Pada kesempatan lain ketika saya berkuliah di Universitas Padjadjaran, Agus Rusmana yang merupakan dosen favorit mahasiswa menjelaskan bahwa pustakawan itu sebaiknya seperti direktur sebuah perusahaan yang memakai jas, dasi dan menenteng tas presiden. Bagi beliau imej seperti itu yang membuat pustakawan menjadi orang yang professional dalam bidangnya sehingga tidak dipandang rendah oleh orang lain.

            Berangkat dari penjelasan diatas, kita dapat mengetahui bahwa imej pustakawan memiliki kesan negatif di masa lampau. Imej secara definisi bermakna gambaran tentang sesuatu yang berwujud benda. Gambaran pustakawan yang negatif tetap ada disekitar kita. Terlebih lagi di Perpustakaan Perguruan Tinggi.

Misalnya, ketika melayani pemustaka yang meminjam atau mengembalikan koleksi perpustakaan. Kita mengetahui bahwa ada beberapa pemustaka yang tidak berasal dari tempat domisili kita. Akan tetapi dalam komunikasi dengan mereka, tak jarang kita menggunakan bahasa daerah sehingga imej yang muncul dari pemustaka bahwa kita dianggap sebagai “kampungan” , “kupen” (kurang pendidikan) atau tak pandai berbahasa Indonesia. Sebenarnya kita tak perlu malu berbahasa Indonesia menggunakan logat Minang. Yang penting kita memiliki kemauan untuk berbahasa Indonesia yang baik dan benar meskipun dalam pengucapan agak “belepotan”.

Lawan bicara tetap menghargai ketidakfasihan kita dalam berbahasa. Ketika Musliar Kasim masih menjabat Rektor Universitas Andalas disaat acara wirid jumat, pernah mengatakan bahwa kita jangan membawa “bahasa kampung” kita disini (baca : kantor) karena tak semua orang Minang yang berkuliah disini. Memang benar apa yang disampaikan beliau, namun rekan sejawat pustakawan masih belum “mengikhlaskan” hatinya untuk menerima sumbang saran tersebut.

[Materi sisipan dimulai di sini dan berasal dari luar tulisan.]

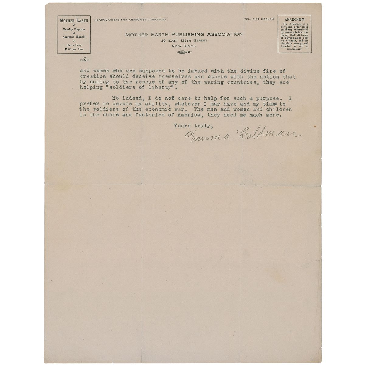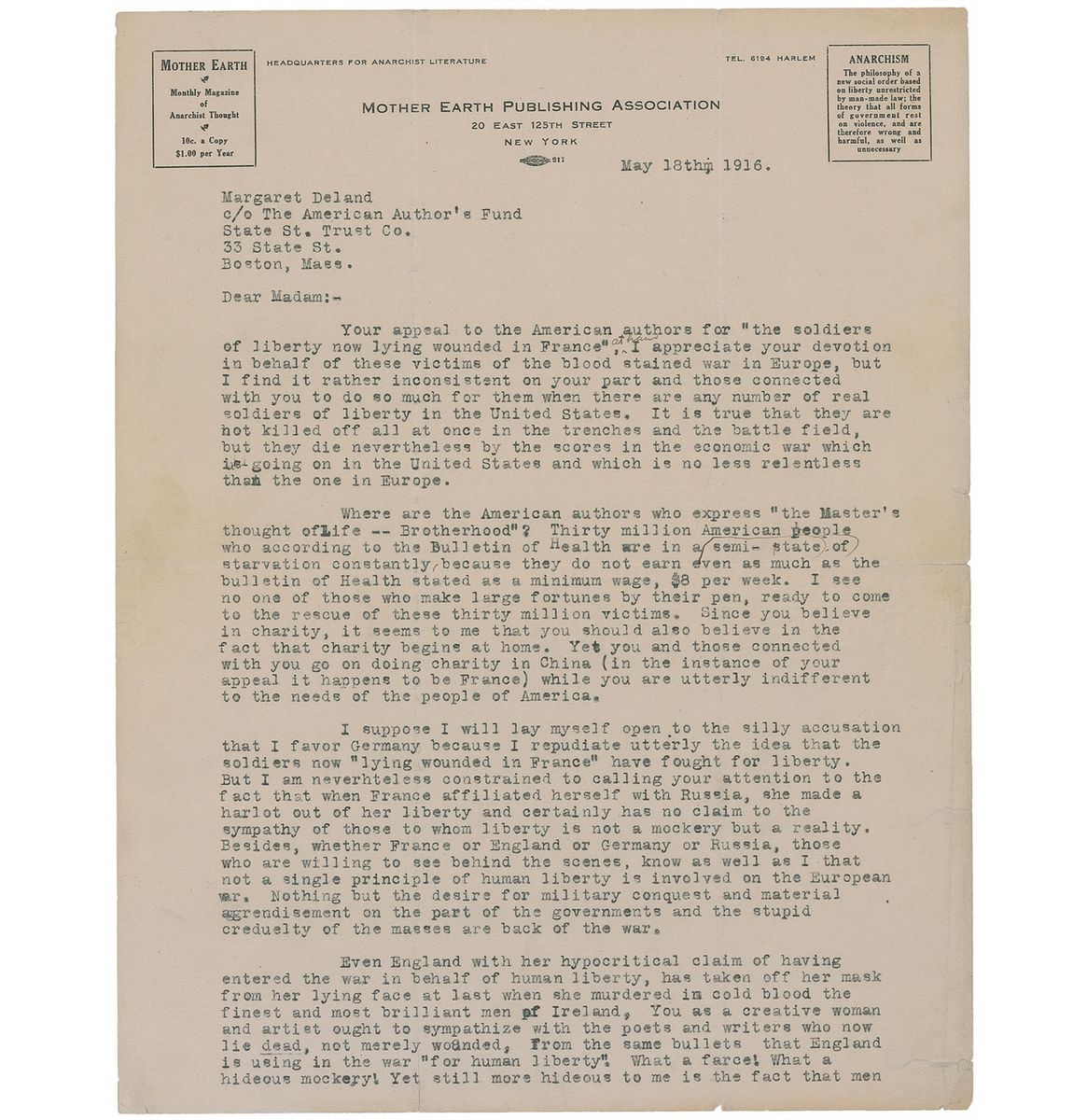 Scarce TLS, two pages, 8 x 10.75, Mother Earth Publishing Association letterhead, May 18, 1916. Letter to Margaret Deland of the American Author’s Fund, criticizing her support of Allied soldiers in World War I. In part: “I appreciate your devotion in behalf of these victims of the blood stained war in Europe, but I find it rather inconsistent on your part…to do so much for them when there are any number of real soldiers of liberty in the United States. It is true that they are not killed off at once in the trenches and the battle field, but they die nevertheless by the scores in the economic war which is going on in the United States…Thirty million American people…are in a semi-state of starvation…I see no one of those who make large fortunes by their pen, ready to come to the rescue of these thirty million victims...I suppose I will lay myself open to the silly accusation that I favor Germany because I repudiate utterly the idea that soldiers now ‘lying wounded in France’ have fought for liberty...those who are willing to see behind the scenes, know as well as I that not a single principle of human liberty is involved on the European war. Nothing but the desire for military conquest and material aggrendisement [sic] on the part of the governments and the stupid creduelty [sic] of the masses are back of the war...Even England with her hypocritical claim of having entered the war in behalf of human liberty, has taken off her mask from her lying face at last when she murdered in cold blood the finest and most brilliant men of Ireland. You as a creative woman and artist ought to sympathize with the poets and writers who now lie dead...What a farce! What a hideous mockery!” Intersecting folds (one vertical fold passing through a single letter of the signature), several small tape-repaired edge tears and separations, and scattered creases, otherwise fine condition. Goldman was the editor of Mother Earth, an anarchist journal that began to openly call for opposition to US entry into World War I in 1917. Congress passed the Espionage Act in June 1917, and according to the new laws Goldman’s advocacy against conscription made her guilty of obstructing the military draft. She was sentenced to two years in prison for her subversive actions, and later deported under the Anarchist Exclusion Act. An exceptional letter with direct relevance to Goldman’s anti-war efforts.

Imej lain yang mengandung citra negatif terkait dengan penggunaan teknologi informasi. Di era digital, jejaring sosial tumbuh laksana jamur di musim hujan. Mulai dari Friendster, Facebook sampai Tweeter. Dalam hal ini, pustakawan hanya memanfaatkan jejaring sosial untuk mencari teman lama dan teman baru.

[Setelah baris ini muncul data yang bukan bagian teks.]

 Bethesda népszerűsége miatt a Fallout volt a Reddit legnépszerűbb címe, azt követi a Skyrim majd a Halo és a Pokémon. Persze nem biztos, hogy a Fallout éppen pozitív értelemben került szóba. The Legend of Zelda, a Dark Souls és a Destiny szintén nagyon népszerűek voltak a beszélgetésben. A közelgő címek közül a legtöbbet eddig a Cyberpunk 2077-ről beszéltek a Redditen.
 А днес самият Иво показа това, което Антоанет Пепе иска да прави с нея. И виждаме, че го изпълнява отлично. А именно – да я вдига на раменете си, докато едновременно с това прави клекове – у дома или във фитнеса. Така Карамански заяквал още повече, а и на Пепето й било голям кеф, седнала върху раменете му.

Jejaring sosial sangat jarang dimanfaatkan oleh pustakawan untuk mengirim pesanan kepada pemustaka yang membutuhkan artikel ilmiah untuk keperluan risetnya. Kebanyakan pustakawan hanya memanfaatkan e-mail untuk mengirim artikel kepada pemustaka. Padahal pemustaka lebih senang artikel yang dibutuhkan dikirimkan melalui facebook.

Pemustaka dapat memberikan masukan kepada pustakawan secara tulisan tentang sesuai atau tidaknya artikel yang dipesan terkait risetnya. Jika pemustaka mengetahui bahwa pustakawan hanya memanfaatkan facebook sekedar untuk chatting belaka maka itu “biasa” tapi akan sangat “luar biasa” kalau dimanfaatkan untuk mengirim artikel yang dibutuhkan pemustaka. 

Agar imej pustakawan perguruan tinggi menjadi lebih baik sebaiknya pustakawan perlu “mereformasi” dirinya. Perubahan imej hanya dapat dilakukan dengan penyadaran diri. Tanpa adanya penyadaran diri maka mustahil imej pustakawan dapat berubah. Reformasi yang urgen dilakukan berkaitan dengan lingua franca yang wajib kita gunakan dalam pelayanan informasi yaitu bahasa Indonesia.

Di samping itu tidak ada salahnya pustakawan perguruan tinggi belajar mengenai hal terbaru terkait teknologi informasi. Memahami teknologi informasi adalah metode yang up-to-date dalam “mereduksi” virus gagap teknologi yang senantiasa “menginfeksi” pustakawan perguruan tinggi. Intinya, life long learning (pendidikan sepanjang hayat) tak hanya sekedar menjadi kata tanpa kenyataan.